A defendant is not required to put the plaintiff in a better position than his or her original one. Case law provides that “betterment is a question of fact to be determined on the evidence, and with regard to what is reasonable in the particular case”. [9] In property damage cases, the starting point is the cost of repair, which the plaintiffs must prove on a balance of probabilities. In some instances, however, betterment may be proven by the defendant, and it will fall to the trier of fact to assess the amount of the betterment.

In a 2014 decision, Fors v. Overacker, [10] the defendants sold their home to the plaintiff, but did not disclose certain water problems, or advise the plaintiff of skylight leaking. The defendants were found to be negligent, but argued that the plaintiff would receive considerable betterment if he received roof repairs which resulted in a new roof design, and a new septic system to replace an old system with a life span of only a few more years.

The court disagreed, and held that the remedial work relating to the skylight was both for repairs caused by water damage and to prevent future water damage. The court noted that the defendants had “no figure for betterment”, and that it would be “inequitable to reduce damages for this expense by some amount for betterment that … would be speculative”. [11]

In a 2016 Superior Court decision entitled Gemeinhardt v. Babic [12] the plaintiff purchased a property from the defendant. After closing, the plaintiff discovered mould, structural defects, a broken furnace, an unsafe garage and renovations that had been completed without building permits. The municipality issued orders to repair the unsafe building. There was no evidence that a home inspector would have discovered these latent defects upon inspection.

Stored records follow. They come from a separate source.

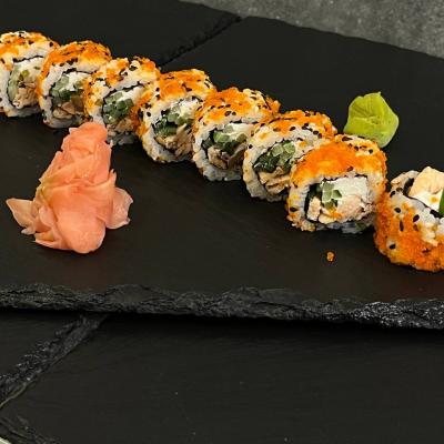 Łosoś grillowany, ogórek, tobiko, phila, sezam, ryż, nori.
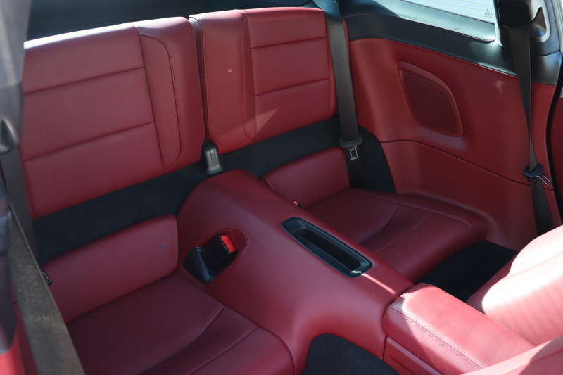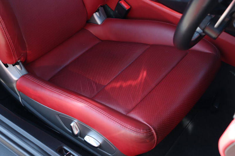 ツートンレザー(ブラック × レッド)とカラーインストルメントパネル(レッド)が揃うこの仕様は、オーダー時のこだわりが随所に感じられます。シートの状態は良好で、ステアリングやシフト周りも使用感は少なく、走行距離以上にコンディションが良い印象です。アルカンターラルーフライニングの毛並みも綺麗に保たれています。
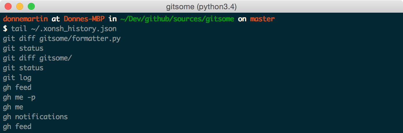 gitsome keeps track of commands you enter and stores them in ~/.xonsh_history.json. Use the up and down arrow keys to cycle through the command history.
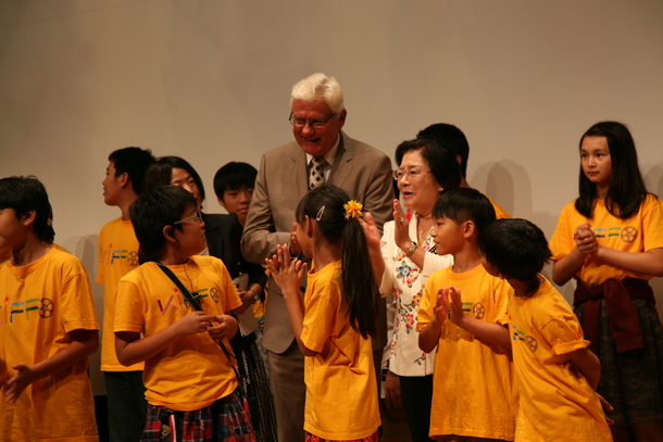 会場で来賓の皆さんとともに、こどもスタッフが一同に集まり、開会宣言が行われました!
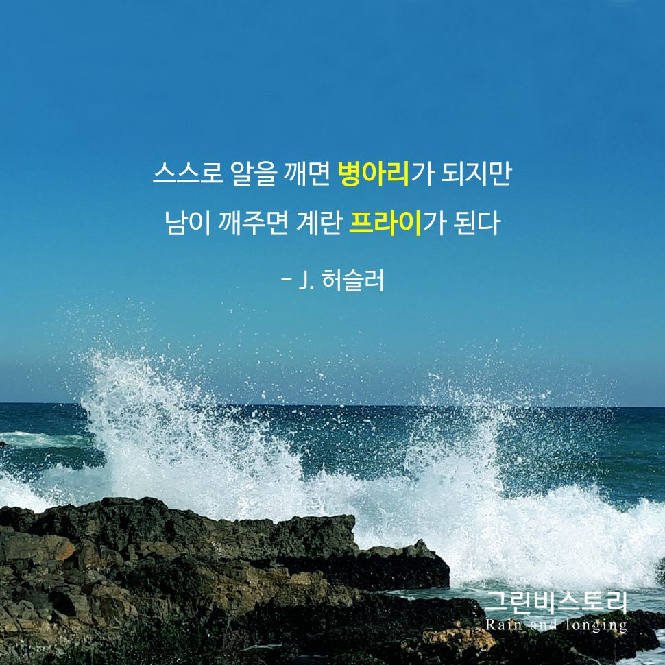 스스로 알을 깨고 나오는 도전적인 병아리가 될 것인가! 타인의 손에 허무하게 깨어지는 프라이가 될 것인가! 그 선택은 오로지 당신의 마음속에 있다.
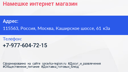 Намешке, интернет-магазин по адресу 115563, Россия, Москва, Каширское шоссе, 61 к3а в дальнейшем Организация, размещена в следующих категориях:
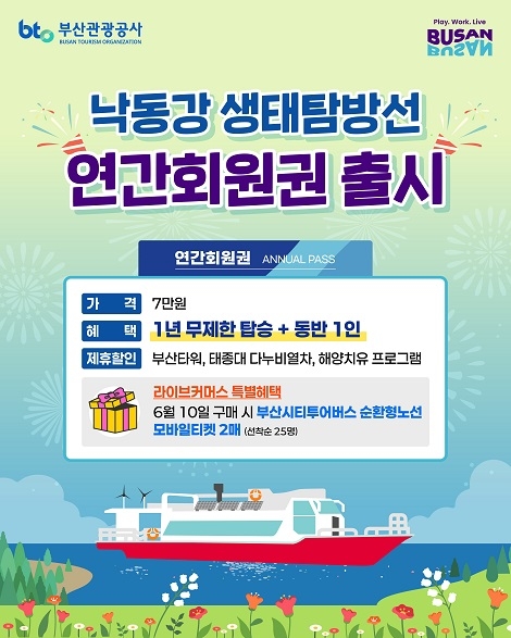 한편 이번에 출시된 ‘낙동강 생태탐방선 연간회원권’은 단 한 번의 이용만으로도 59600원의 할인 혜택을 받을 수 있는 높은 경제성을 갖춘 상품이다. 라이브커머스 방송 이후에는 총 500매 한정으로 네이버 스마트스토어를 통해 오는 30일까지 판매된다.
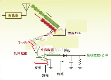 圖1:無源標(biāo)簽對(duì)射頻 RF能量進(jìn)行整流并調(diào)制信號(hào),然后反向散射反射給閱讀器。
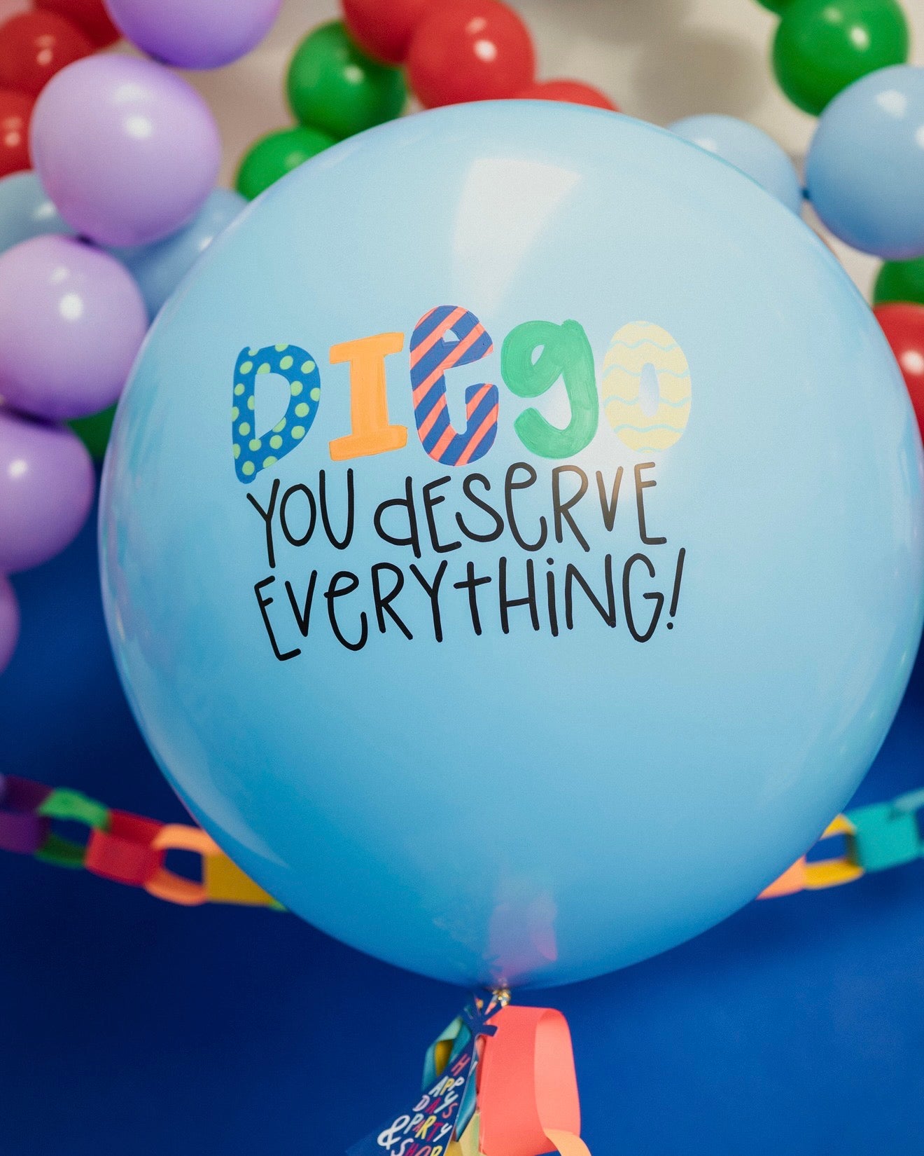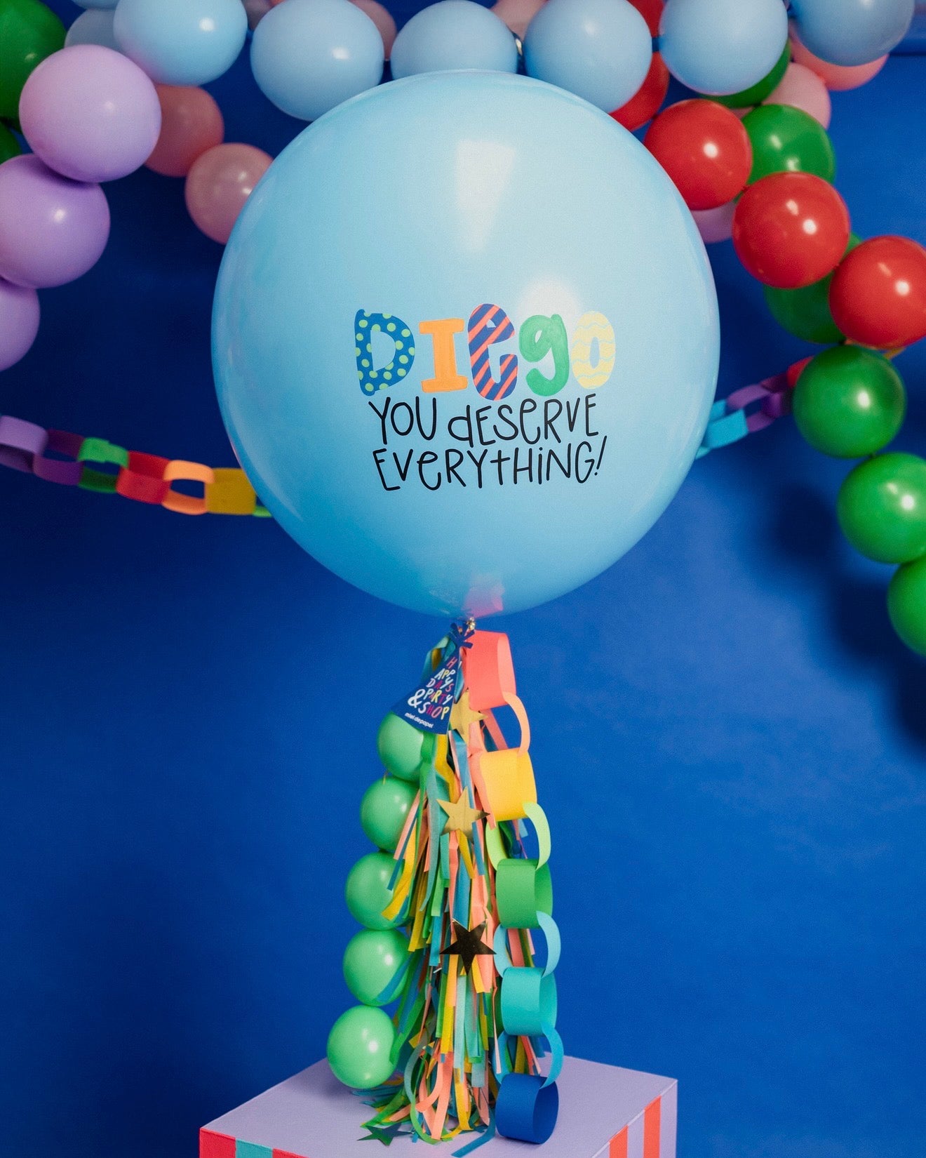 - Gigante de latex de color pastel de 36'' inflado con helio, con el nombre de el niño en tono multicolor con diseños varios y letras negras. Escribir el nombre de el niño en "Indicaciones Especiales". ** El color puede variar debido a la disponibilidad** **La visualización final del producto entregado puede variar en la realidad respecto a esta imagen, ya que el arreglo de globos se elabora a mano.**
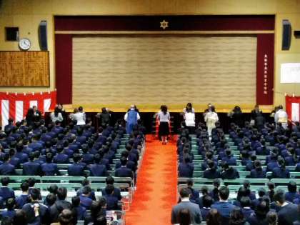 保護者代表の方々より、3年生の先生方に花束が手渡されました。3年間、本当にありがとうございました!そして、担任の先生を先頭に、卒業生が退場しました。
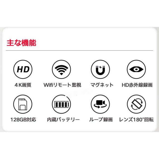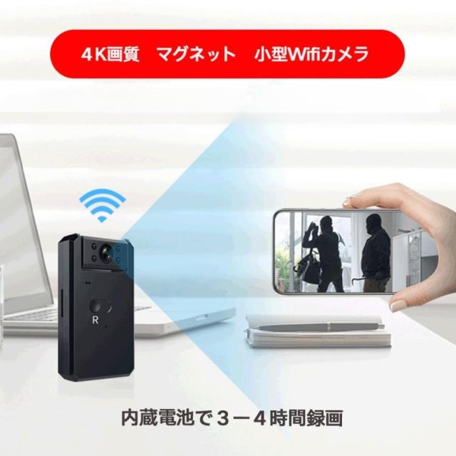 小型Wifi防犯カメラ 4K画質 AP機能 128GB対応 動体検知 不可視赤外線 繰り返し録画 レンズ180°回転 マグネット

In Gemeinhardt, the defendant was found liable for negligent misrepresentation. The judge held that the buildings were essentially a complete write-off and worth nothing because of the latent defects. The defendant had not proven that the plaintiff would enjoy a betterment as a result of being awarded the cost of reinstating her house, additions and garage. The principle of betterment did not apply on the facts of this case. [13]

Conclusions:
Recent case law suggests that Ontario courts will assess damages on a diminution of value or cost to repair basis, depends on the particular facts of each case. In Scaffidi, the court held that the process of determining damages should be “a practical one designed to do justice between the parties”, and “not be unnecessarily complicated or rule-ridden”. [14]

The plaintiff has the onus to prove its damages, including repair or replacement costs. The plaintiff also has to prove that it intends to repair and rebuilt the subject property.

With respect to betterment, the defendant must prove that the alleged repair work will enhance the value of the property beyond the plaintiff’s original position. A reduction in damages based on a betterment claim cannot be speculative. To sustain a claim for betterment and reduce a plaintiff’s damages, a defendant ought to obtain a report from a pricing contractor setting out the specific repairs required to address the proven defects.


1987 CarswellOnt 764 (C.A.); (1987), 62 O.R. (2d) 385 (C.A.)
James McGregor, McGregor on Damages, 14th ed. (UK: Sweet & Maxwell, 1980)
Scaffidi-Argentina v. Tega Homes Developments Inc., 2016 ONSC 5448; (2016), 60 C.L.R. (4th) [Scaffidi-Argentina]
Ibid at paras. 9-10
Jarbeau v. McLean, 2017 CarswellOnt 1656 (C.A.), 2017 ONCA 115,
Ibid at para. 55
Ibid at paras. 54 and 56
Athey v. Leonati, [1996] 3 S.C.R. 458 (S.C.C.), at para. 32:
Laichkwiltach Enterprises Ltd. v. Pacific Faith (The) 2009 CarswellBC 869 (C.A.); 2009 BCCA 157
2014 CarswellOnt 8908 (S.C.J.); 2014 ONSC 3084 (S.C.J.)
Ibid at para. 189
Gemeinhardt v. Babic, 2016 CarswellOnt 11908 (S.C.J.); 2016 ONSC 4707 (S.C.J.)